Identity politics and industrialisation have emerged as poll planks in West Bengals high-profile Nandigram seat, where Chief Minister Mamata Banerjee will contest her former lieutenant and BJP candidate Suvendu Adhikari.
In a constituency where 30 per cent minority votes can influence the results, both the BJP and TMC are also engaged in competitive Hindutva to woo the majoritarian community.
The obscure agrarian region in Purba Medinipur district had shaken the foundation of the mighty Left Front regime through an anti-land acquisition movement in 2007 that had ultimately catapulted the TMC to power in 2011. The then two prominent faces of the stir, Banerjee and Adhikari, will now contest each other in the second of the eight-phase elections on April 1.
The CPI(M), with its young candidate Minakshi Mukherjee, is seeking to regain its ground lost to the BJP. Apart from communal polarisation, the constituency is also witnessing the insider-outsider debate. However, here, Banerjee, who has used the plank to label BJP as party of outsiders, is facing the flak as Adhikari is projecting himself as a Bhoomiputra (son of soil) and the TMC chief as an outsider from Kolkata.
Banerjee, who lives in Kalighat area of the metropolis, has left her Bhowanipore constituency in the city to battle her former cabinet minister in Nandigram. To counter the outsider label, Banerjee has branded her former confidante Adhikari as Mir Jafar, a commander of Bengals last independent nawab Siraj ud-Daula who had betrayed the ruler at the Battle of Plassey leading to the East India Company's victory.
Ironically, political parties of all hues are now promising industrialisation in the region, that had tooth- and-nail opposed a chemical hub in the area proposed by the Left Front, so that people dont have to migrate to other places for employment.
Parties other than the TMC and BJP, however, feel that the electoral tussle in Nandigram has become a prestige issue and personal fight for both Adhikari and Banerjee over the legacy of the anti-land acquisition movement.
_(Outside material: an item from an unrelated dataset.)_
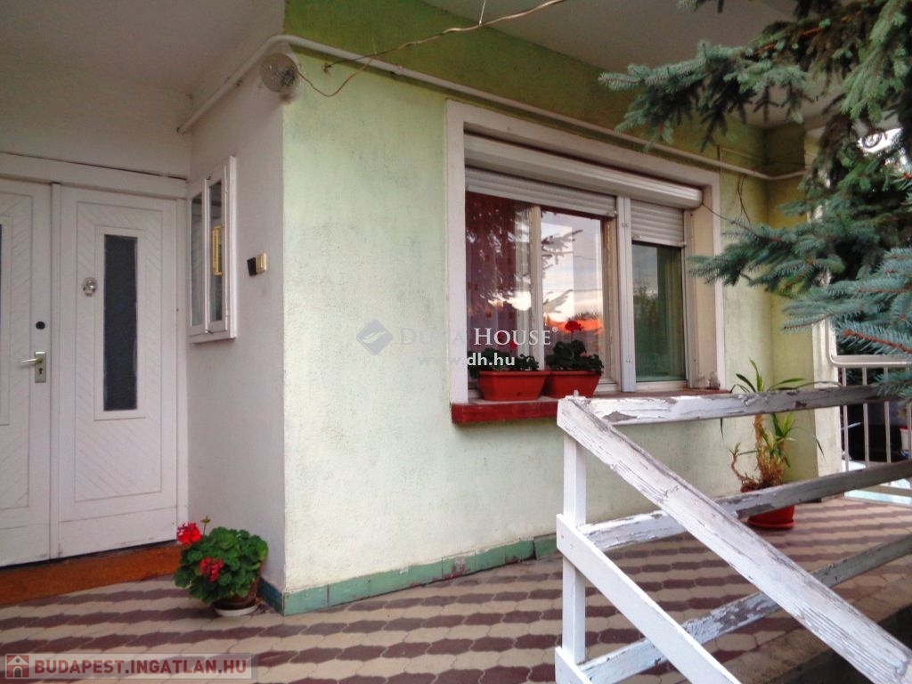 A ház előkertes (oldalt is van még egy pici terület), a telken egy garázs és egy tároló is található.

Nandigram had never before witnessed such communal polarisation as is being seen during the electoral contest between Banerjee and Adhikari, in which minority votes will play a key role, local SUCI(C) Bhabani Prasad Das said.
Two contrasting murals on a mud wall one of Jai Shri Ram slogan and the other of Adhikari dressed as Mir Jafar bowing before the BJP -- sums up the political mood in the constituency.
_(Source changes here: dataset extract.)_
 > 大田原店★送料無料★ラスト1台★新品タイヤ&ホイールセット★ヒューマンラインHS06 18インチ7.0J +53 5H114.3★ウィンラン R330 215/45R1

An Islamic cleric of a mazaar said Muslims will vote wisely as the choice is tough. "On one hand, Suvendu has been one of our own for many years, while on the other, Mamata di had stood by us like a rock during the movement days. The choice will be tough," he said.
For Adhikari, the electoral battle is that of political survival as defeat will likely stunt his growth in his new party, while victory will establish him as one of the tallest leaders in the state and push him ahead in the tussle for the chief ministers post if BJP attains a majority in the 294-member assembly. For Banerjee, who is running for a third term as the chief minister, victory is essential not only to lead the government but also to keep her party together in the face of an unprecedented exodus.
Nandigram has 2,57,299 voters, of which 1,33,323 are males and 1,23,975 females. The assembly segment comprises two blocks -- Nandigram I and Nandigram II -- with the first having 35 per minority population and the second almost 15 per cent.
Adhikari has claimed that Banerjee is fighting the polls from the seat as she believes the TMC will pocket the entire monitory vote share.
"Out of 2,57,299 voters, around 68,000 are from the minority community. She thinks people of the minority community will vote for her. But I firmly believe that Hindus, who are against her brand of appeasement politics, will vote for me," he had said. With identity politics taking centre-stage in the Nandigram election campaign, Banerjee has been using soft Hindutva to counter Adhikari's aggressive Hindutva campaign.